A total of eight parties have been chosen to participate in the infrastructure build for the Federal Government's $466.7 million personally controlled electronic health record (PCEHR), with Telstra and e-health partner Cerner among those joining the Accenture-led effort.

iTnews can reveal that consortium winners Accenture, Oracle and Orion Health are to be joined by sub-contractors Telstra, Cerner, ThinkPlace, Extensia and Ocean Informatics in the infrastructure build.
The Department of Health and Ageing had agreed to pay out the $77 million budget for the build, with Accenture receiving the lion's share at $47.8 million. Oracle and Orion Health had also picked up $17.8 million and $11 million, respectively, for the license fees required to use the software underpinning electronic health records.
A further $137.5 million had been allocated to 12 implementation sites around the country, tasked with trialling individual elements of the technology to be used in the record with specific demographics.
The five additional parties revealed today would act as sub-contractors to Accenture, however it was not immediately clear what roles each of the five remaining parties would play.
It is believed Telstra has been drafted to host much of the web portals that would be used by healthcare providers and patients alike to update medical information and manage access to the records.
It would be hosted on the company's infrastructure-as-a-service platform, dubbed 'Silver Lining'.
Accenture had pitched the use of "cloud computing-like services" as part of its tender to the Department of Health but had not committed to using Telstra as a hosting provider at the time.
A dollar amount for the hosting portion of the contract was not disclosed.
Although Accenture had been contracted to develop the records, using a mixture of software from Oracle and other sub-contractors, the records themselves would be held on individual repositories distributed throughout Australia rather than on Telstra's private cloud.
These would be operated by Medicare Australia, public health systems and regional operators deemed to conform to the department's standards. However, the Telstra-provided hosting would likely play home to the National Repositories Service, a centrally located "critical set of healthcare information" providing details on the distributed repositories.
Health minister Nicola Roxon told The Australian that all "infrastructure will be the property of the Commonwealth".

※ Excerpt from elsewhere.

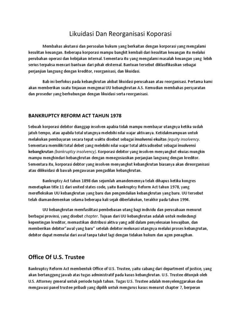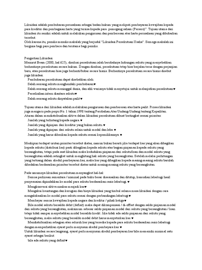 Proses likuidasi pada umumnya likuidasi persekutuan partnership liquidation melibatkan hal hal sebagai berikut. Mengakui keuntungan dan kerugian serta mengikuilidasi beban yang terjadi selama periode likidasi 3. Bisa kreditornya pesaing dan likuidasi atau stop operasi. Perusahaan yang melakukan merger adalah antara bank lippo dengan bank niaga. Cara composition berarti bahwa setiap tagihan sebesar rp 100 hanya akan dilunasi sebesar kurang dari rp 100 misalnya rp 75. Msaa prestasi tau prostitusi.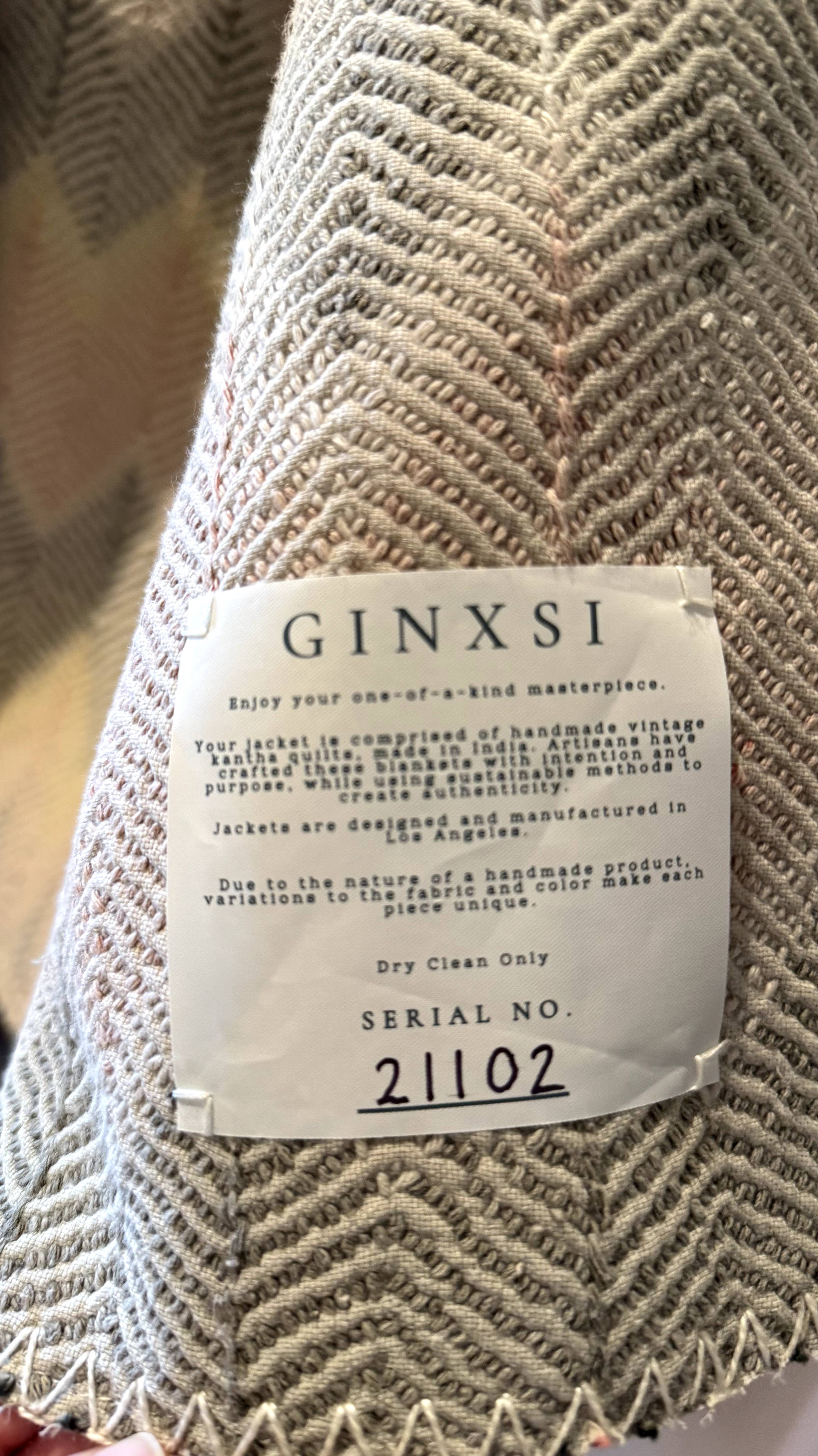 Ginxsi Jackets are made from repurposed Vintage Kantha quilts, and recycled cotton. The original patina may include areas of fraying or patches. Due to the nature of a handmade product, variations in the fabric and color make each piece unique.

Accenture had an existing relationship with Telstra's cloud division, formed last year to help garner enterprise participation in the telco's quietly developed 'Silver Lining' platform.
Telstra has ramped up efforts to sign government customers onto its infrastructure, offering 45-day free trials of the platform and consulting services from Accenture on how best to migrate data.
Two of the consortium participants, Orion Health and Cerner, had worked extensively with the NSW Government on core e-health programs, including the troubled clinical information system FirstNet and the lapsed Healthelink medical record trials in western Sydney.
In Singapore's shadow
Progress of Australia's e-health record program posed similarities to a recent initiative in Singapore, regarded as at the forefront of national e-health progress.
The core three participants of the consortium chosen by the Federal Government - Accenture, Oracle and Orion - had last year won the $SG176 million ($AU139 million) contract to build Singapore's equivalent of the e-health record for five million residents.
The record, built in participation with Initiate (now owned by IBM) and HP, was launched officially in June as one of the first global examples of a national electronic medical record.
The Accenture-led consortium in Australia will be required to meet similarly tight timeframes, withy the Australian Government demanding the records be open for public registration by July 1, 2012.
Timeframes used internally at the government's lead e-health body, the National E-Health Transition Authority, had suggested trials of the system to begin with 500,000 patients at the implementation sites by April next year, though delays in awarding the infrastructure tender may have since pushed these time frames back.
The first stage of the Singapore e-health record rollout was completed within 10 months of the contract being awarded.
The consortium had gone through a different tendering process in Singapore, however, requiring the shortlisted consortia led by rivals Accenture and IBM to each stand up live instances of their proposed record infrastructure at the supplier's own costs prior to winning the bid.
Deloitte health care partner Adam Powick said there were advantages in following from Singapore's lead.
"I think we've got a much more complex political environment and health sector than Singapore but in terms of the general aims of what we're trying to implement, there are definitely similarities," he told iTnews.
"When you build something there's always an impost the first time you build it, the second time you can typically deliver things faster and more cost effectively."
A final version of the Australian Federal Government's concept of operations of the e-health record was expected for completion this month after a public consultation period.